• _ACTION ITEM_:
Down to the final line, write out the material beneath exactly, without pictures.

### DATA UNDER STUDY ###

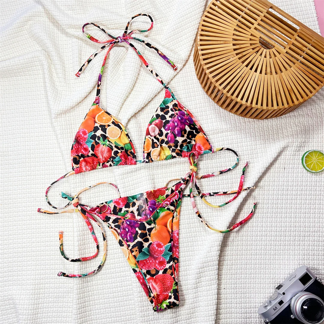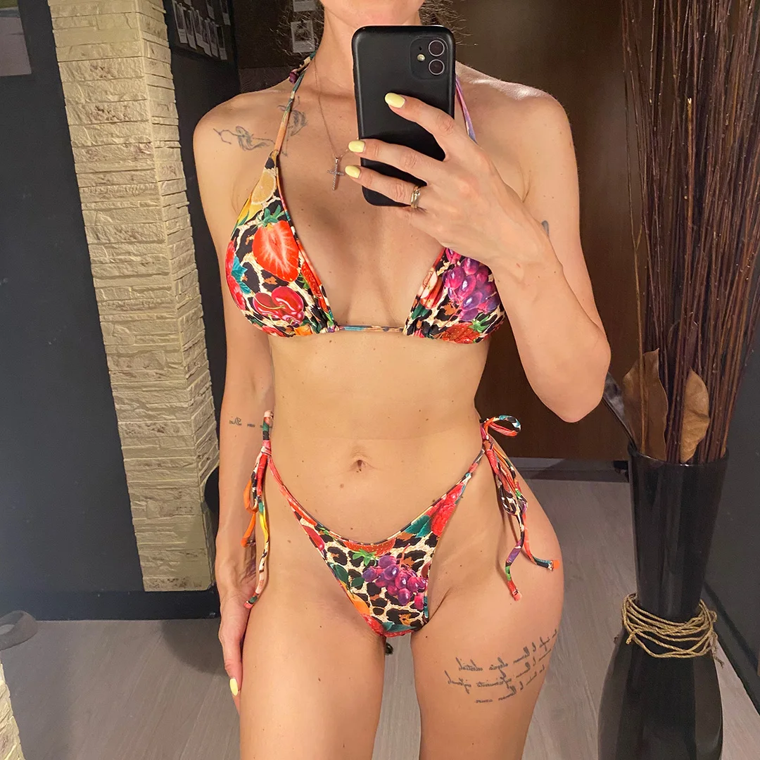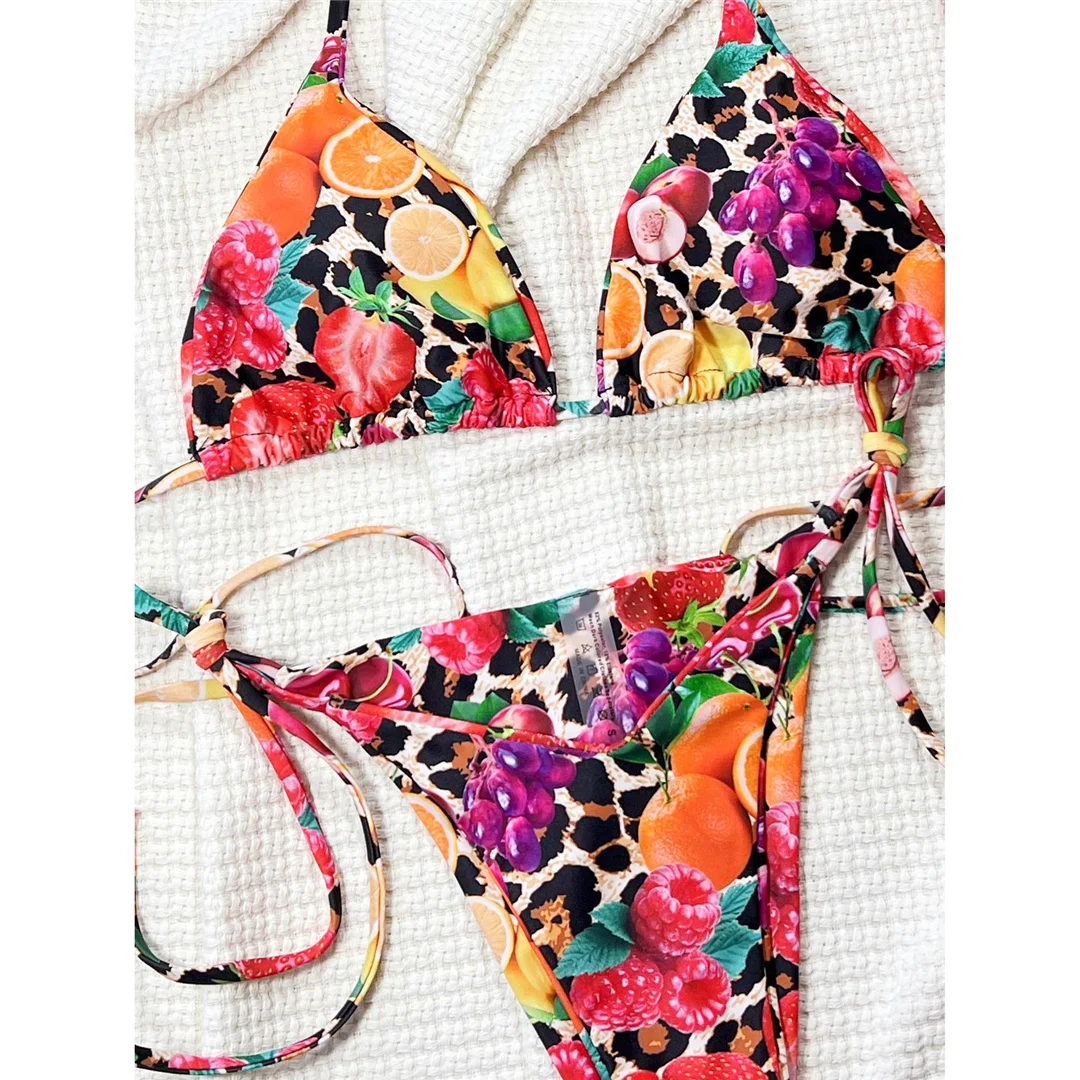 Leopard Fruit Halter Bikini Female Swimsuit Women Swimwear Two-pieces Bikini set Strappy Padded Bather Bathing Suit Swim V6808
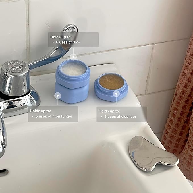 Cadence Travel Containers Basic Skincare Set - Magnetic Containers with Lids,Carry On Travel Essentials For Women/Men - 3 Small Capsules (0.56oz) - Cleanser, Moisturizer & Sun-Icon Labels - Pacific
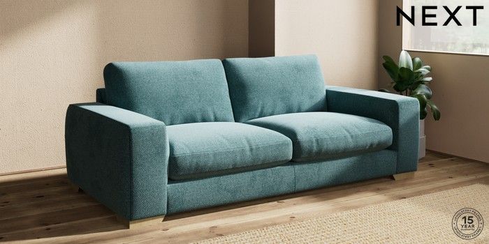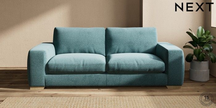 7.2.10 Houghton Deep Relaxed Sit 3 Seater Sofa Chunky Chenille Mid Teal Green Large Square Angle - Light | Made Click here to use our website with more accessibility support, for example screen readers
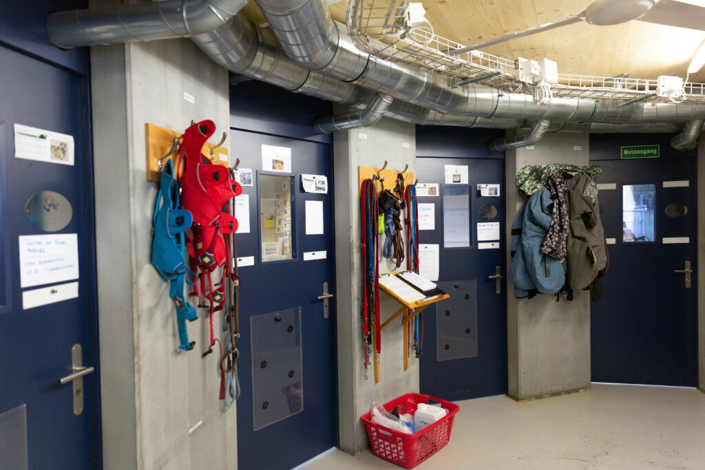 Das Fachpersonal beschäftigt die Hunde täglich und übt draussen zum Beispiel das Einsteigen in den Kofferraum.
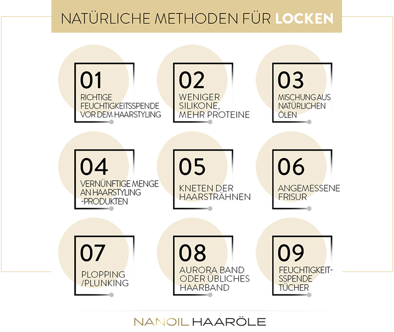 Viele Frauen machen vor dem Schlafengehen einen Zopf, um sanfte Welle zu bekommen, oder hohe Haarknoten. Die Haarknoten werden am Morgen aufgeflochten und die Haare sollten dann sanft mit Fingern ausgekämmt werden. Bevor Sie jedoch einen Zopf oder Haarknoten machen, tragen Sie eine sanfte Lotion für das Haarstyling auf, und am Morgen verwenden Sie einen Spray, der die Locken fixiert.
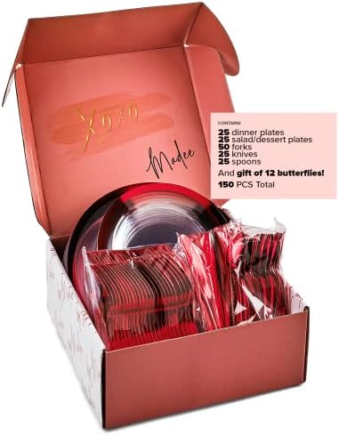 BY MADEE Heavyweight Disposable Dinnerware – Crimson & Clear 150 Piece Set for 25 Friends – Dinner & Salad Plates, Silverware & Present of 3D Butterflies – Premium Social gathering Provides
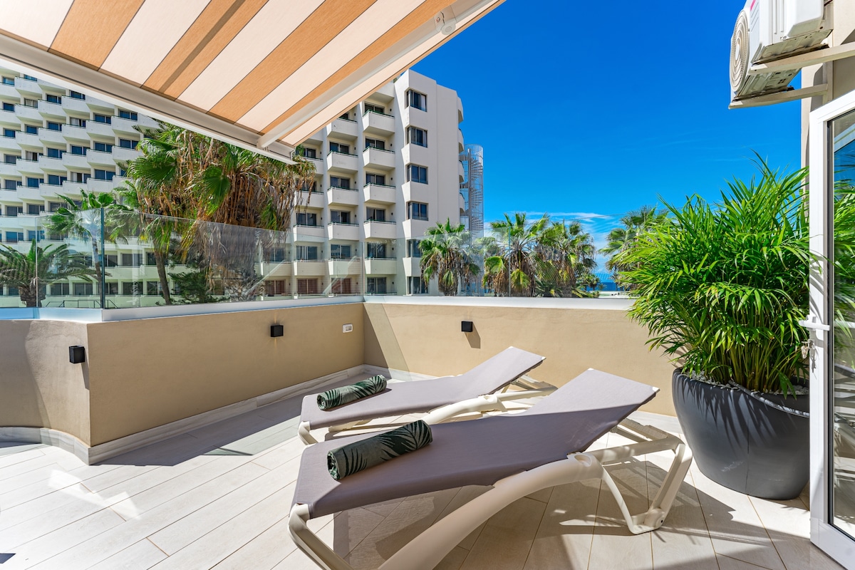 This charming modern apartment is carefully renovated to offer the best leisure and relaxation. It features a fully equipped open plan kitchen with a spacious bright dining and living room, which leads onto the large terrace with pool and garden view. The apartment has one comfortable bedroom with build-in wardrobe and a modern bathroom with shower. The complex offers a community pool exclusive for residents and a variety of excellent restaurants. The beach is only a 10 min easy walk.
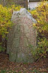 | Keywords: sweden haninge västerhaninge runsten stav geotagged runestone runor runes sverige outdoor Lite gömd i en häck i byn Stav så står det en runsten med en enkel slinga som börjar och slutar i ett kors. Runraden lyder "+ auþa + raisti + stain : at : haralt . buata . sin : auk . fastlauk . at + faþur sin" Det finns ingen skylt på platsen och min översättning lyder, "Autha reste stenen efter Harald, buata? sin och Fastlauk efter sin fader". Buata sägs betyda bonde eller husbonde, en annan sak som man skall notera är hur ofta runristaren har bytt avskiljningstecken mellan orden och att runraden delar ett avskiljningstecken där runraden börjar. Korset är typiskt för Amunde och även självaste tekniken liknar Amunde som jag skulle nog gissa att det är Amunde som ristat denna sten. (RAÄ Västerhaninge 7:1) Lite gömd i en häck i byn Stav så står det en runsten med en enkel slinga som börjar och slutar i ett kors. Runraden lyder "+ auþa + raisti + stain : at : haralt . buata . sin : auk . fastlauk . at + faþur sin" Det finns ingen skylt på platsen och min översättning lyder, "Autha reste stenen efter Harald, buata? sin och Fastlauk efter sin fader". Buata sägs betyda bonde eller husbonde, en annan sak som man skall notera är hur ofta runristaren har bytt avskiljningstecken mellan orden och att runraden delar ett avskiljningstecken där runraden börjar. Korset är typiskt för Amunde och även självaste tekniken liknar Amunde som jag skulle nog gissa att det är Amunde som ristat denna sten. (RAÄ Västerhaninge 7:1) |
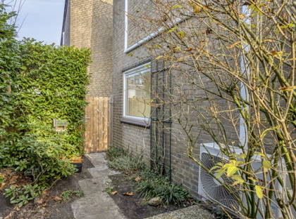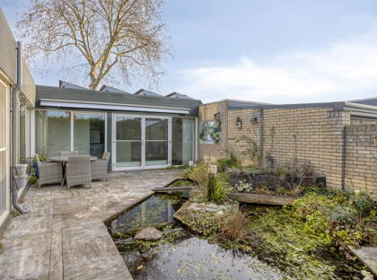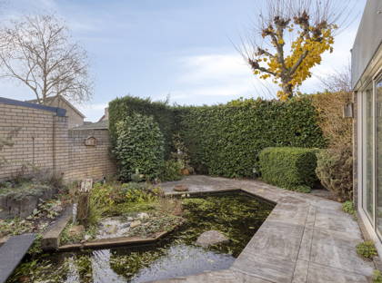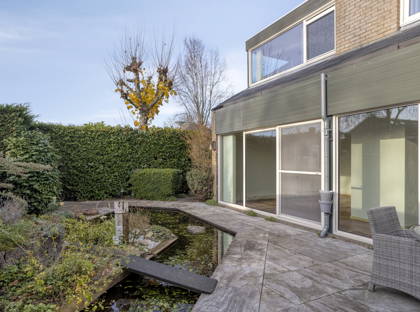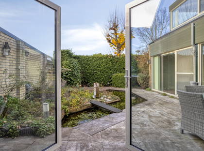De tuin is een fijne, groene buitenruimte met een mooi terras, een vijver en volop privacy. Hij ligt op het zuiden, waardoor je hier de hele dag zon hebt. Dankzij het elektrische zonnescherm creëer je in een handomdraai schaduw. Vanuit vrijwel de hele begane grond heb je direct contact met de tuin, een heerlijke verbinding tussen binnen en buiten. Tevens beschikt de tuin over een handige achterom.
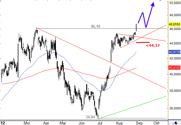 Die Aktie von Akzo Nobel bricht im heutigen Handel über den Widerstand bei 46,16 Euro nach oben aus. Damit steigt die Aktie auf den höchsten Stand seit Juni 2011 an. Dieser Ausbruch bestätigt das bullische Bild. Eine weitere Rally in Richtung 53,74 Euro ist möglich. Ein Rückfall unter 44,37 Euro wäre diesem Szenario allerdings abträglich. Denn ein derartiger Rückfall würde ein Verkaufssignal darstellen.
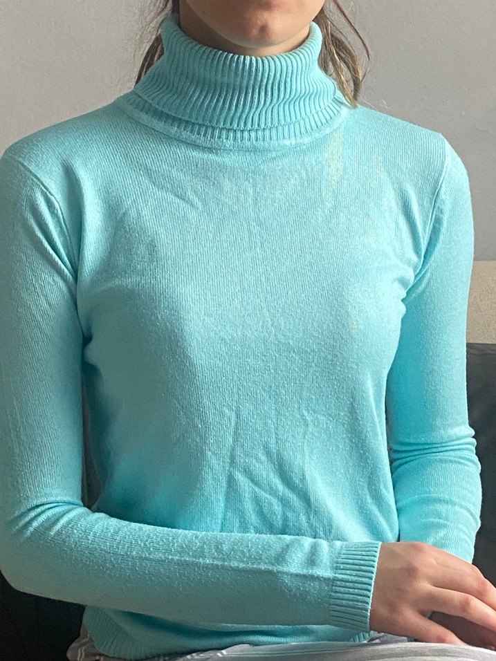 Turkuaz renkli, boğazlı ve uzun kollu ince triko kazak. İnce dokusu ve rahat kesimiyle günlük kullanıma uygun, rahat bir tarz sunar.
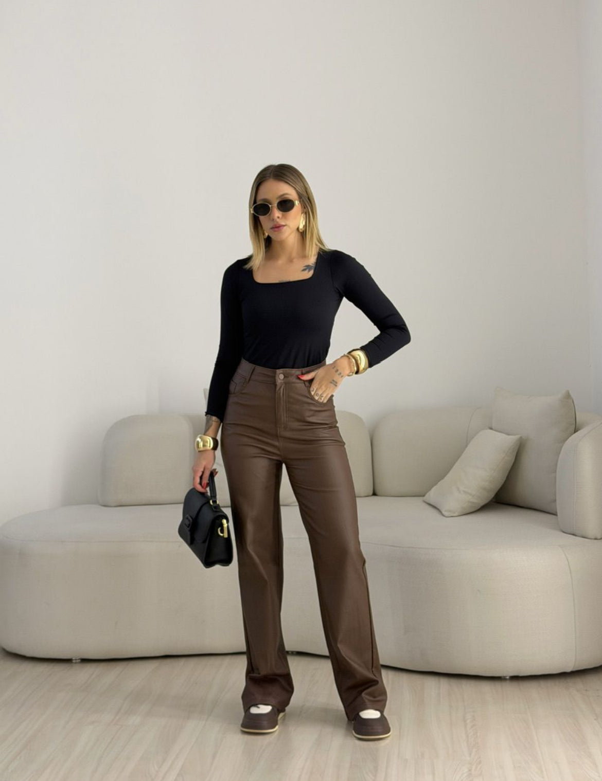 A Calça Couro transita facilmente entre produções elegantes e urbanas, combinando perfeitamente com camisas, blusas ajustadas, tricots ou blazers para um look contemporâneo e marcante.

###

• _ANSWER SPACE_:
 Leopard Fruit Halter Bikini Female Swimsuit Women Swimwear Two-pieces Bikini set Strappy Padded Bather Bathing Suit Swim V6808
 Cadence Travel Containers Basic Skincare Set - Magnetic Containers with Lids,Carry On Travel Essentials For Women/Men - 3 Small Capsules (0.56oz) - Cleanser, Moisturizer & Sun-Icon Labels - Pacific
 7.2.10 Houghton Deep Relaxed Sit 3 Seater Sofa Chunky Chenille Mid Teal Green Large Square Angle - Light | Made Click here to use our website with more accessibility support, for example screen readers
 Das Fachpersonal beschäftigt die Hunde täglich und übt draussen zum Beispiel das Einsteigen in den Kofferraum.
 Viele Frauen machen vor dem Schlafengehen einen Zopf, um sanfte Welle zu bekommen, oder hohe Haarknoten. Die Haarknoten werden am Morgen aufgeflochten und die Haare sollten dann sanft mit Fingern ausgekämmt werden. Bevor Sie jedoch einen Zopf oder Haarknoten machen, tragen Sie eine sanfte Lotion für das Haarstyling auf, und am Morgen verwenden Sie einen Spray, der die Locken fixiert.
 BY MADEE Heavyweight Disposable Dinnerware – Crimson & Clear 150 Piece Set for 25 Friends – Dinner & Salad Plates, Silverware & Present of 3D Butterflies – Premium Social gathering Provides
 This charming modern apartment is carefully renovated to offer the best leisure and relaxation. It features a fully equipped open plan kitchen with a spacious bright dining and living room, which leads onto the large terrace with pool and garden view. The apartment has one comfortable bedroom with build-in wardrobe and a modern bathroom with shower. The complex offers a community pool exclusive for residents and a variety of excellent restaurants. The beach is only a 10 min easy walk.
 | Keywords: sweden haninge västerhaninge runsten stav geotagged runestone runor runes sverige outdoor Lite gömd i en häck i byn Stav så står det en runsten med en enkel slinga som börjar och slutar i ett kors. Runraden lyder "+ auþa + raisti + stain : at : haralt . buata . sin : auk . fastlauk . at + faþur sin" Det finns ingen skylt på platsen och min översättning lyder, "Autha reste stenen efter Harald, buata? sin och Fastlauk efter sin fader". Buata sägs betyda bonde eller husbonde, en annan sak som man skall notera är hur ofta runristaren har bytt avskiljningstecken mellan orden och att runraden delar ett avskiljningstecken där runraden börjar. Korset är typiskt för Amunde och även självaste tekniken liknar Amunde som jag skulle nog gissa att det är Amunde som ristat denna sten. (RAÄ Västerhaninge 7:1) Lite gömd i en häck i byn Stav så står det en runsten med en enkel slinga som börjar och slutar i ett kors. Runraden lyder "+ auþa + raisti + stain : at : haralt . buata . sin : auk . fastlauk . at + faþur sin" Det finns ingen skylt på platsen och min översättning lyder, "Autha reste stenen efter Harald, buata? sin och Fastlauk efter sin fader". Buata sägs betyda bonde eller husbonde, en annan sak som man skall notera är hur ofta runristaren har bytt avskiljningstecken mellan orden och att runraden delar ett avskiljningstecken där runraden börjar. Korset är typiskt för Amunde och även självaste tekniken liknar Amunde som jag skulle nog gissa att det är Amunde som ristat denna sten. (RAÄ Västerhaninge 7:1) |
De tuin is een fijne, groene buitenruimte met een mooi terras, een vijver en volop privacy. Hij ligt op het zuiden, waardoor je hier de hele dag zon hebt. Dankzij het elektrische zonnescherm creëer je in een handomdraai schaduw. Vanuit vrijwel de hele begane grond heb je direct contact met de tuin, een heerlijke verbinding tussen binnen en buiten. Tevens beschikt de tuin over een handige achterom.
 Die Aktie von Akzo Nobel bricht im heutigen Handel über den Widerstand bei 46,16 Euro nach oben aus. Damit steigt die Aktie auf den höchsten Stand seit Juni 2011 an. Dieser Ausbruch bestätigt das bullische Bild. Eine weitere Rally in Richtung 53,74 Euro ist möglich. Ein Rückfall unter 44,37 Euro wäre diesem Szenario allerdings abträglich. Denn ein derartiger Rückfall würde ein Verkaufssignal darstellen.
 Turkuaz renkli, boğazlı ve uzun kollu ince triko kazak. İnce dokusu ve rahat kesimiyle günlük kullanıma uygun, rahat bir tarz sunar.
 A Calça Couro transita facilmente entre produções elegantes e urbanas, combinando perfeitamente com camisas, blusas ajustadas, tricots ou blazers para um look contemporâneo e marcante.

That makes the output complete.